Tam kapanmayla birlikte konutlarımızda geçireceğimiz bu devirde sağlıklı kalabilmek için sistemli ve istikrarlı beslenme konusunda ihtimam …
Tam kapanmayla birlikte konutlarımızda geçireceğimiz bu devirde sağlıklı kalabilmek için sistemli ve istikrarlı beslenme konusunda ihtimam göstermemiz gerekiyor. 3 günlük oruçtan sonra ya da 2 ana öğünle beslenmeye başlanıldığında bedenin bağışıklık sisteminin akyuvar oluşumunu tetiklediğini tabir eden İstanbul Gelişim Üniversitesi’nden Doç. Dr. Haluk Saçaklı, insan bedeni aç kalınca zayıf ve hastalıklı hücrelerin içindeki gereksiz parçacıkları yok ettiğini söyledi.
“ÖMÜR UZUNLUĞU UYGULANABİLİR”
Bedenin gerilim altında, oruç tutarken ya da açlık sırasında çok fazla otofaji (hücrelerin kendini yeme durumu) olduğunu belirten Saçaklı, “Hücre, güç üretimini kendi iç imkânlarını kullanarak yapmaya çalışıyor. Birinci olarak çöpünü ve patojen bakterileri sindirerek paklığa başlıyor. Böylelikle erken yaşlanmanın da önü tıkanıyor. Otofaji sürecinde muhakkak bir süreklilik olmaz ise parkinson hastalığı, diyabet ve kanser kaçınılmaz oluyor. Yılda 1 ay kadar mühlet orta vermeden aç kalma ya da oruç benzersiz bir tasarım. En azından bu kapanma sürecince 17 gün denemenizde fayda var. Vücudunuz alışırsa bu cins beslenmeyi sağlıklı iseniz ömür uzunluğu uygulayabilirsiniz.” sözlerini kullandı.
2 ANA ÖĞÜNLE BESLENİN
2 ana öğünle beslenmeyle hayatta yeni bir sayfa açılabileceğini söyleyen Saçaklı, “Sabah her zamankinden daha güçlü istikrarlı bir kahvaltı. Akşam yemeğine kadar hiçbir şey yenilmeyecek. Su, çay, kahve ve bitki çayları hür. Kan şekerinizin düştüğü hissettiğiniz an zerzevat suyu tüketebilirsiniz. Doğal da olsa meyve suyu içilmeyecek. Kahvaltı saat 07.00 – 08.00 ortasında yapıldıysa, akşam yemeği saat 17.00- 18.00 ortasında olmalı. Kahvaltı 1 saat geç yapılırsa, akşam yemeği de 1 saat geç tüketilmeli, en son kahvaltı saat 10.00 – 11.00 ortası olursa akşam yemeği de saat 19.00- 20.00 ortası olmalı. Akşam yemeği asla saat 20.00 den sonraya kaydırılmamalı. Akşam 20.00’den sonra yenilen yemeklerin sindirilmesi çok zordur. Kilo alırsınız ayrıyeten sıhhatinizi da vakitle kaybedersiniz.” dedi.

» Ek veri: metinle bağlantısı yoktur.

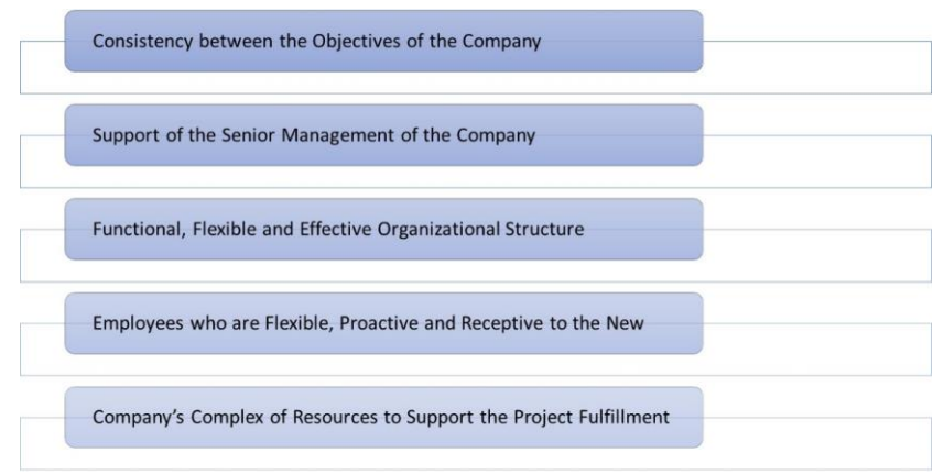
Figure 3. 5 factors which can favour the development of the intrapreneurial environment within a company.

It is recognised in developed countries that intrapreneurship culture should be encouraged inside the organisation: intrapreneurship and innovation are the key drivers of sustainable growth (Kungu et al. 2020); however, more traditional and bureaucratic organisations might find these processes rather difficult to implement (Kaleem et al. 2019). On the other hand, the competitive environment in developed countries encourages companies to find new ways to promote their products or create innovative solutions which could differentiate them from other peers. Finding talented people and promoting intrapreneurship or new technologies are significant in high-tech organisations (Kaleem et al., 2019). Therefore, a specific environment and rules must be implemented (Ali et al., 2020) via training programs for employees and the opportunity to experiment. In parallel with the innovative climate, companies must be ready to invest financial and physical resources, enabling employees to learn and innovate, see new opportunities and feel valuable. Thus, a company which promotes intrapreneurship (Ali et al., 2020) should possess an adequate reward system for the employees' accomplishments while tolerating learning from the mistakes approach and encouraging them to take risks. Codrinlescu and Bolcas (2019) underlined the five most important factors which can promote the development of the intrapreneurial environment within a company (see Figure 3).

Meyvelerden toksin atıcı olanlarının tercih edilebileceğini söyleyen Saçaklı, konuşmasını şöyle sonlandırdı: “Vişne, armut, elma, kavun, karpuz, kivi, şeftali, ananas, erik tüketin. Suyun alkali kıymetini artırmak için 2 litrelik suyun içerisine güzel yıkamak kaydıyla 1 adet limon kabukları ile dilimleyip koyun. Ayrıyeten 1 adet çubuk tarçın, yarım yeşil elma ya da 1 çay kaşığı elma sirkesi (midenizde gastrit varsa elma sirkesi konulmayacak) dilek edenler bir iki sap maydanoz nane ek edebilir. Bu formda suyun PH kıymeti 9.5 bedellerine çıkar çok daha sağlıklı su tüketiminiz ile sıhhatinize sağlık katarsınız.”